▶ **WHAT YOU HAVE TO DO**: Omit the images, then print each record below exactly as it reads.

▶ **AVAILABLE DATA**:
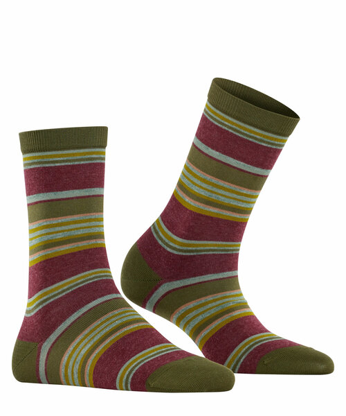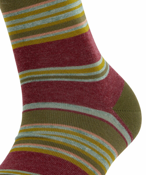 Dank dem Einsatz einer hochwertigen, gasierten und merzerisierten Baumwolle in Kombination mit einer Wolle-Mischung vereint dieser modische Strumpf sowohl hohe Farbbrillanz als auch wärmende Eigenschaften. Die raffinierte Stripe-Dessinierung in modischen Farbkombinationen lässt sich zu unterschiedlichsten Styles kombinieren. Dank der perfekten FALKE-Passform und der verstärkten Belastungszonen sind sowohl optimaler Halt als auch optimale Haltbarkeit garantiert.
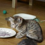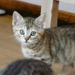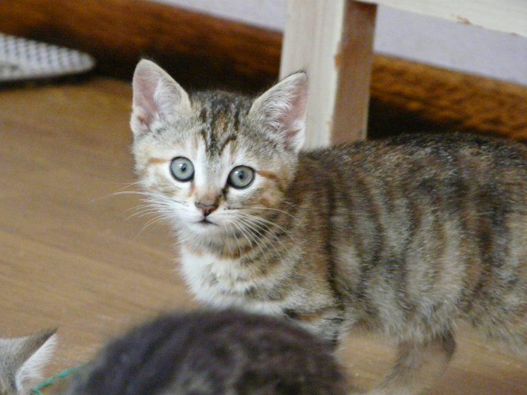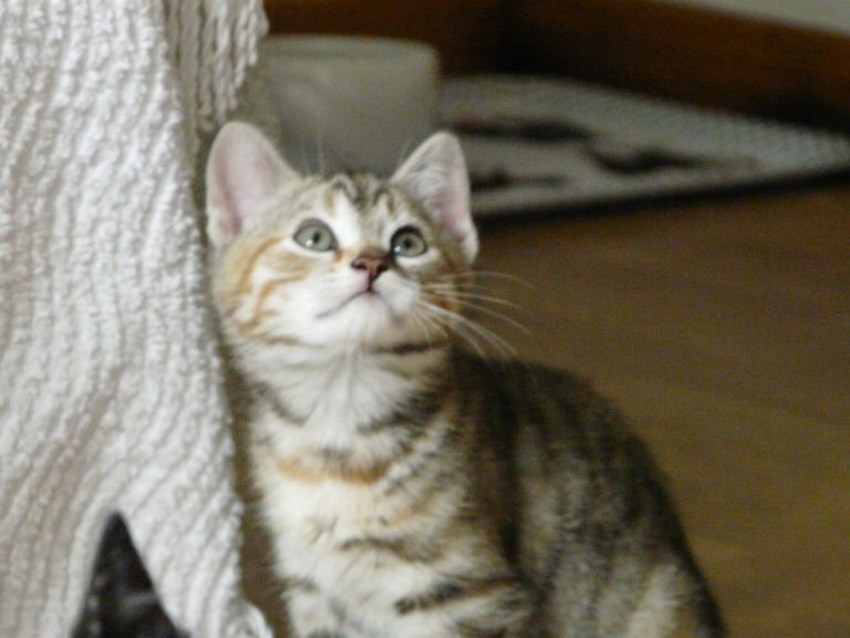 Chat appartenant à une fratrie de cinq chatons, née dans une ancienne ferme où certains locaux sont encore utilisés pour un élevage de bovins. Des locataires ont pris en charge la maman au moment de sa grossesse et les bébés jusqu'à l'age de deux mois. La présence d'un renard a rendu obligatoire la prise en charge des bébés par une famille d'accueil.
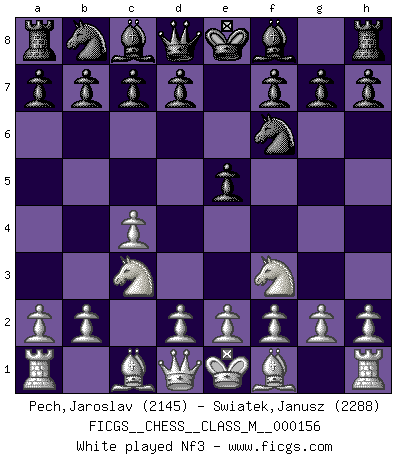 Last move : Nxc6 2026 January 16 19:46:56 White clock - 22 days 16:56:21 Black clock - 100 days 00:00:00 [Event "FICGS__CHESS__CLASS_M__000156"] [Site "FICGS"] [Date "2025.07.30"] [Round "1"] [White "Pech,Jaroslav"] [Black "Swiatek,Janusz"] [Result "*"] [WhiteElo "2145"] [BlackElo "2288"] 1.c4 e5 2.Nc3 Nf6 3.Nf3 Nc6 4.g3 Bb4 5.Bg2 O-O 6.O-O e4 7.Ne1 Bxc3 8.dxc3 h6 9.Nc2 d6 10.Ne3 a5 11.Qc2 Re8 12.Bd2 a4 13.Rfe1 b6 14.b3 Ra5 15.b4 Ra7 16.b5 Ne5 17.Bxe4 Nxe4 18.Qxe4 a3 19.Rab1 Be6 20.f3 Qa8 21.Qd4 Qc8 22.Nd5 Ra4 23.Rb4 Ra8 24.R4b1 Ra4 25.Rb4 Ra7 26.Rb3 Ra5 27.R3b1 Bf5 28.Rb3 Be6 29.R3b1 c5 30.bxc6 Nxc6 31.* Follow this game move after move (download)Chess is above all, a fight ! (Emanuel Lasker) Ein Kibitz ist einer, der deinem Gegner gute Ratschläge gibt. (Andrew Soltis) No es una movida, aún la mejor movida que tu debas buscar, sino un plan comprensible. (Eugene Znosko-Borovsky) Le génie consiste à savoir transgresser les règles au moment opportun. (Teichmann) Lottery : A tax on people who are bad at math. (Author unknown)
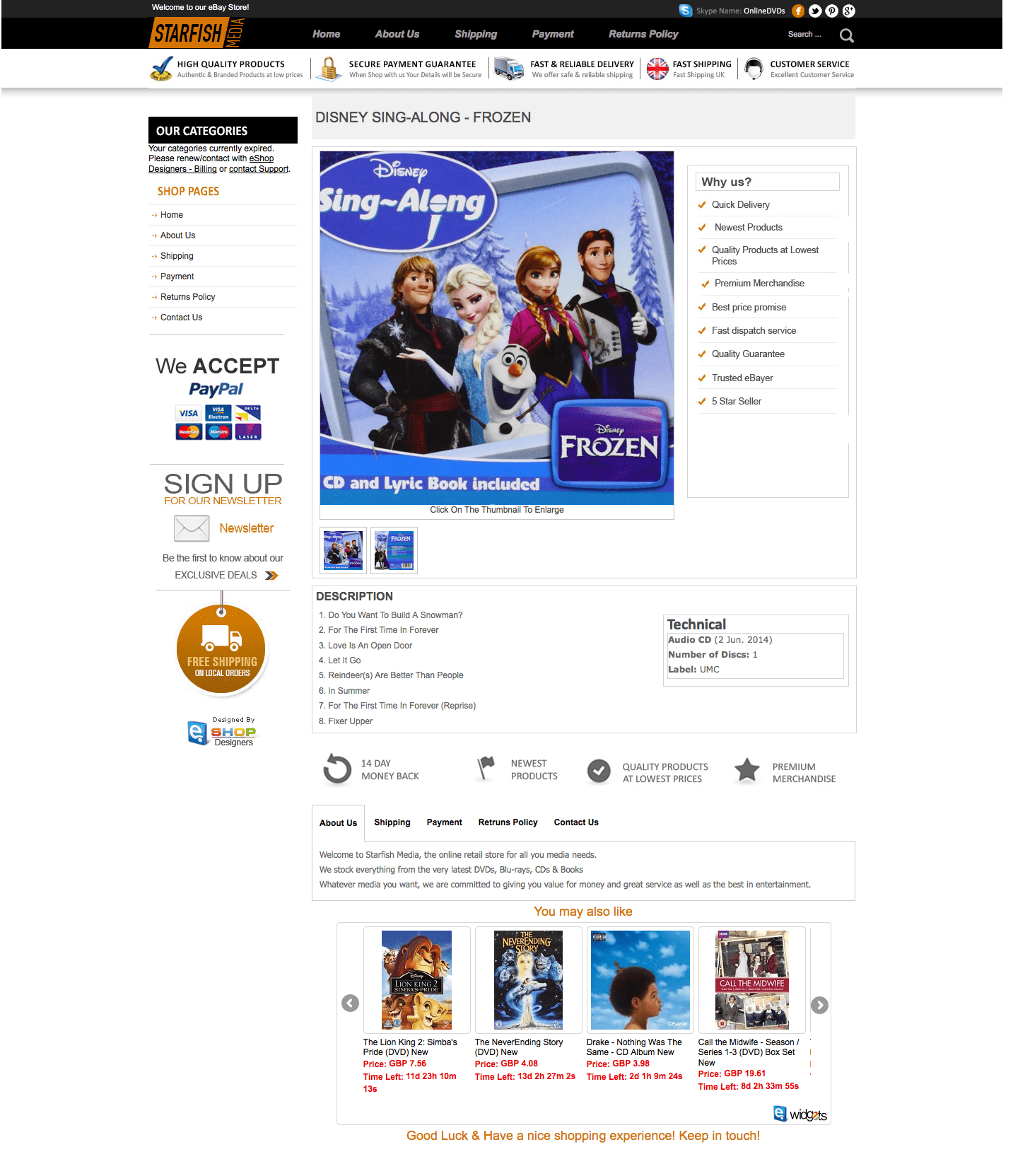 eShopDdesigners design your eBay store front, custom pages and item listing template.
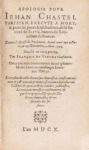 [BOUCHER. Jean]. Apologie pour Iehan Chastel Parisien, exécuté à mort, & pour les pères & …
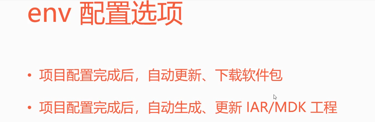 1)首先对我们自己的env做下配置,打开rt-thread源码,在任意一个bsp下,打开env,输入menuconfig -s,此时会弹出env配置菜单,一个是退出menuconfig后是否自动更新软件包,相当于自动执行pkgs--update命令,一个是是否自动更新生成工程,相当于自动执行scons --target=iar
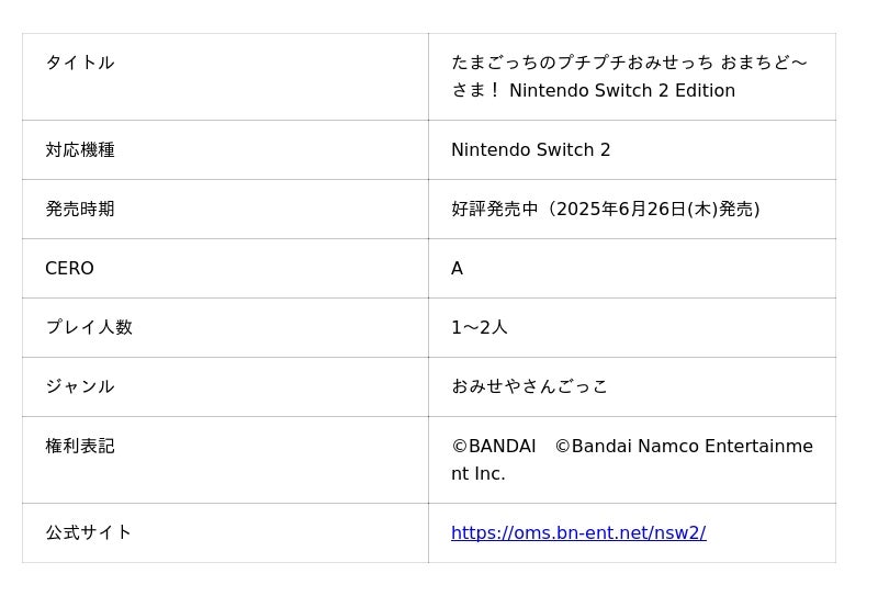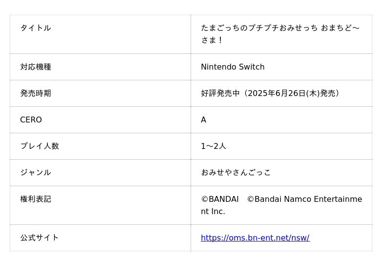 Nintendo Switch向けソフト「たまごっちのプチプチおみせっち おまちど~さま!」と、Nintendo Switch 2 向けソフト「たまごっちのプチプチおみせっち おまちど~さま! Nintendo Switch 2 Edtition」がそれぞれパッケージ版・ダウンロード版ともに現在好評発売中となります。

▶ **RESPONSE TO THE TASK**:
 Dank dem Einsatz einer hochwertigen, gasierten und merzerisierten Baumwolle in Kombination mit einer Wolle-Mischung vereint dieser modische Strumpf sowohl hohe Farbbrillanz als auch wärmende Eigenschaften. Die raffinierte Stripe-Dessinierung in modischen Farbkombinationen lässt sich zu unterschiedlichsten Styles kombinieren. Dank der perfekten FALKE-Passform und der verstärkten Belastungszonen sind sowohl optimaler Halt als auch optimale Haltbarkeit garantiert.
 Chat appartenant à une fratrie de cinq chatons, née dans une ancienne ferme où certains locaux sont encore utilisés pour un élevage de bovins. Des locataires ont pris en charge la maman au moment de sa grossesse et les bébés jusqu'à l'age de deux mois. La présence d'un renard a rendu obligatoire la prise en charge des bébés par une famille d'accueil.
 Last move : Nxc6 2026 January 16 19:46:56 White clock - 22 days 16:56:21 Black clock - 100 days 00:00:00 [Event "FICGS__CHESS__CLASS_M__000156"] [Site "FICGS"] [Date "2025.07.30"] [Round "1"] [White "Pech,Jaroslav"] [Black "Swiatek,Janusz"] [Result "*"] [WhiteElo "2145"] [BlackElo "2288"] 1.c4 e5 2.Nc3 Nf6 3.Nf3 Nc6 4.g3 Bb4 5.Bg2 O-O 6.O-O e4 7.Ne1 Bxc3 8.dxc3 h6 9.Nc2 d6 10.Ne3 a5 11.Qc2 Re8 12.Bd2 a4 13.Rfe1 b6 14.b3 Ra5 15.b4 Ra7 16.b5 Ne5 17.Bxe4 Nxe4 18.Qxe4 a3 19.Rab1 Be6 20.f3 Qa8 21.Qd4 Qc8 22.Nd5 Ra4 23.Rb4 Ra8 24.R4b1 Ra4 25.Rb4 Ra7 26.Rb3 Ra5 27.R3b1 Bf5 28.Rb3 Be6 29.R3b1 c5 30.bxc6 Nxc6 31.* Follow this game move after move (download)Chess is above all, a fight ! (Emanuel Lasker) Ein Kibitz ist einer, der deinem Gegner gute Ratschläge gibt. (Andrew Soltis) No es una movida, aún la mejor movida que tu debas buscar, sino un plan comprensible. (Eugene Znosko-Borovsky) Le génie consiste à savoir transgresser les règles au moment opportun. (Teichmann) Lottery : A tax on people who are bad at math. (Author unknown)
 eShopDdesigners design your eBay store front, custom pages and item listing template.
 [BOUCHER. Jean]. Apologie pour Iehan Chastel Parisien, exécuté à mort, & pour les pères & …
 1)首先对我们自己的env做下配置,打开rt-thread源码,在任意一个bsp下,打开env,输入menuconfig -s,此时会弹出env配置菜单,一个是退出menuconfig后是否自动更新软件包,相当于自动执行pkgs--update命令,一个是是否自动更新生成工程,相当于自动执行scons --target=iar
 Nintendo Switch向けソフト「たまごっちのプチプチおみせっち おまちど~さま!」と、Nintendo Switch 2 向けソフト「たまごっちのプチプチおみせっち おまちど~さま! Nintendo Switch 2 Edtition」がそれぞれパッケージ版・ダウンロード版ともに現在好評発売中となります。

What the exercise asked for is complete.